İnsanlık tarihi kadar eski olan, hastalık etmenleri; insanın varolmasıyla birlikte insanla iç içe yaşamaya başlamış, kimi zaman bu birlikte yaşam zararlı hale dönüşerek ‘endojen enfeksiyonları’ oluşturmuş; kimi zaman da dış kaynaklı hastalık etmenlerinin vücuda girmesiyle de ‘eksojen enfeksiyonlar’ meydana gelmiştir. Bunun toplumlar düzeyinde etkin olmasıyla da ‘epidemiler’ oluşmuştur.

İnsanlık tarihi kadar eski olan, hastalık etmenleri; insanın varolmasıyla birlikte insanla iç içe yaşamaya başlamış, kimi zaman bu birlikte yaşam zararlı hale dönüşerek ‘endojen enfeksiyonları’ oluşturmuş; kimi zaman da dış kaynaklı hastalık etmenlerinin vücuda girmesiyle de ‘eksojen enfeksiyonlar’ meydana gelmiştir. Bunun toplumlar düzeyinde etkin olmasıyla da ‘epidemiler’ oluşmuştur.

14. yy’da tarihe ‘kara ölüm’ olarak geçen ‘veba’ tarihin en acı ve en büyük salgınıdır. Bu salgında Avrupa nüfusunun 1/3’ü (25 milyon) çaresizlik içinde ölmüştür. Ne yazık ki insanlık bu facianın ardından altı yüzyıl sonra yeni bir çaresizlik ve çıkmazla karşı karşıyadır ki bu AIDS’dir.
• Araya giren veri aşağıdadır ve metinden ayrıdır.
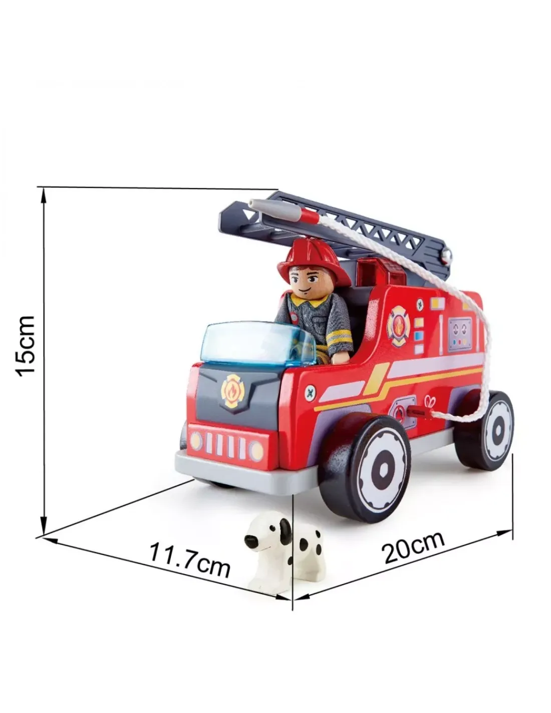 Votre enfant s’inventera des histoires de pompiers avec le personnage qui grimpera sur la grande échelle pour sauver les innocents des flammes et son fidèle chien sauveteur.

Genellikle yaşlı İtalyan erkeklerinde, Yahudilerde ve Afrikalılarda görülen bir kanser türü vardır ki bu ‘koposisarkom’dur. Uzun yıllardan beri bilinen bu kanser, çoğunlukla dolaşım sisteminde ortaya çıkan bir tümörün, daha sonra deri ve diğer organlara bulaşarak buralarda kanser odakları oluşturması ile kendini gösterir. 1970’li yıllarda ilk kez alışılmışın dışında bir durumla karşılaşıldı. Koposisarkom ilk kez orta tabakadan genç insanlarda, hem de büyük oranda görülüyordu. Bu hastalığın koposisarkomdan farklı yeni bir hastalık olabileceği kuşkusu ile hastalık üzerinde duruldu ve AIDS’in belirtileri ilk kez o zaman saptandı. İşin ilginç tarafı, sağlıklı insanlarda hiç de önemli olmayan faktörler, bu hastalarda enfeksiyona neden oluyor ve ölüme yol açıyordu. Yapılan laboratuar çalışmalarında bu hastalarda vücut savunma sisteminin en etkili silahı olan T4 hücrelerinin toplu ölümlerle yok olduğu anlaşıldı. Bunun üzerine hastalığa ‘Kazanılmış Bağışıklık Yetersizliği Hastalığı’ anlamına gelen ‘The Acquirend Immuno Deficiney Sendrom’ yani kısaca AIDS adı verildi.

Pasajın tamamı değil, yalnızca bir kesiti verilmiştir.